───── Collected material ─────

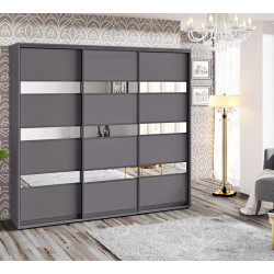 Шафа-купе 240х60х240 Стандарт, 3 фасади Модель-4 Комфорт-меблі виготовлена з ламінованого ДСП - корпус, а фасад - стильна комбінація ДСП і дзеркала або кольорових вставок. Наповнення шафи функціональне, є два відділа для одягу на вішаках і відділ з полками.
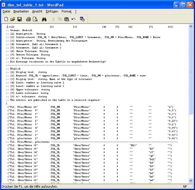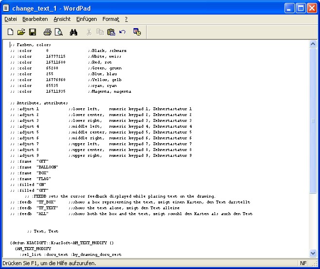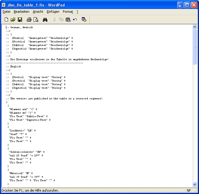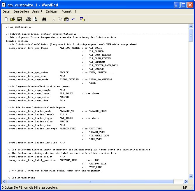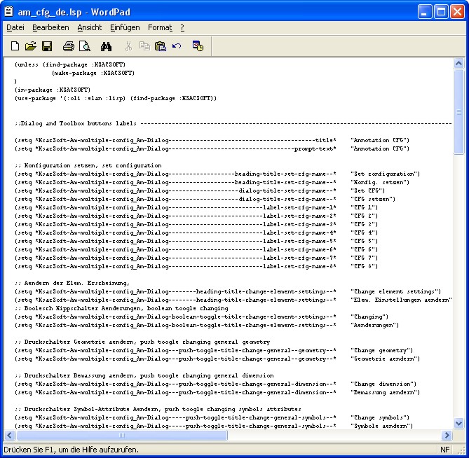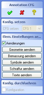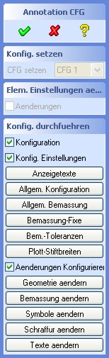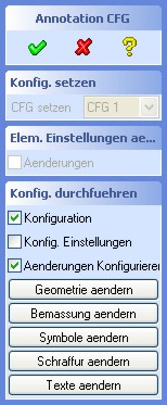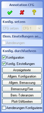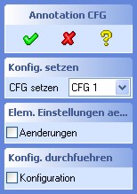 Alle Anzeige-Texte sowie die Konfigurationen können über diesen Dialog definiert werden. Nach dem Betätigen eines des Buttons öffnet sich im WordPad die entsprechende Konfigurationsdatei, die der jeweiligen Konfiguration (in diesem Fall: "CFG 1") zugeordnet ist. Alle Konfigurationsdateien können nach dem Speichern über die Auswahl-Box geladen werden und sind mit Ausnahme der Anzeigetexte sofort wirksam. Die Änderungen der Anzeigetexte sind erst nach dem Beginn einer neuen Annotation Sitzung wirksam und sichtbar.
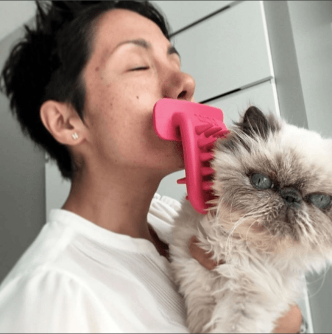 ‘’LICKI is a high-quality, soft silicone brush, designed to feel pleasurable to your cat’s sensitive skin. Gently grasp LICKI’s bite portion with your teeth, slowly approach your cat when she is sleeping or in an otherwise pleasant mood, and ease into the soothing and mutually beneficial licking behavior of cats. Don’t be surprised if your cat licks you back.’’

─────

> [About this exercise] The listing above is to be retyped word for word, with the pictures omitted.

> [Result]
 Шафа-купе 240х60х240 Стандарт, 3 фасади Модель-4 Комфорт-меблі виготовлена з ламінованого ДСП - корпус, а фасад - стильна комбінація ДСП і дзеркала або кольорових вставок. Наповнення шафи функціональне, є два відділа для одягу на вішаках і відділ з полками.
 Alle Anzeige-Texte sowie die Konfigurationen können über diesen Dialog definiert werden. Nach dem Betätigen eines des Buttons öffnet sich im WordPad die entsprechende Konfigurationsdatei, die der jeweiligen Konfiguration (in diesem Fall: "CFG 1") zugeordnet ist. Alle Konfigurationsdateien können nach dem Speichern über die Auswahl-Box geladen werden und sind mit Ausnahme der Anzeigetexte sofort wirksam. Die Änderungen der Anzeigetexte sind erst nach dem Beginn einer neuen Annotation Sitzung wirksam und sichtbar.
 ‘’LICKI is a high-quality, soft silicone brush, designed to feel pleasurable to your cat’s sensitive skin. Gently grasp LICKI’s bite portion with your teeth, slowly approach your cat when she is sleeping or in an otherwise pleasant mood, and ease into the soothing and mutually beneficial licking behavior of cats. Don’t be surprised if your cat licks you back.’’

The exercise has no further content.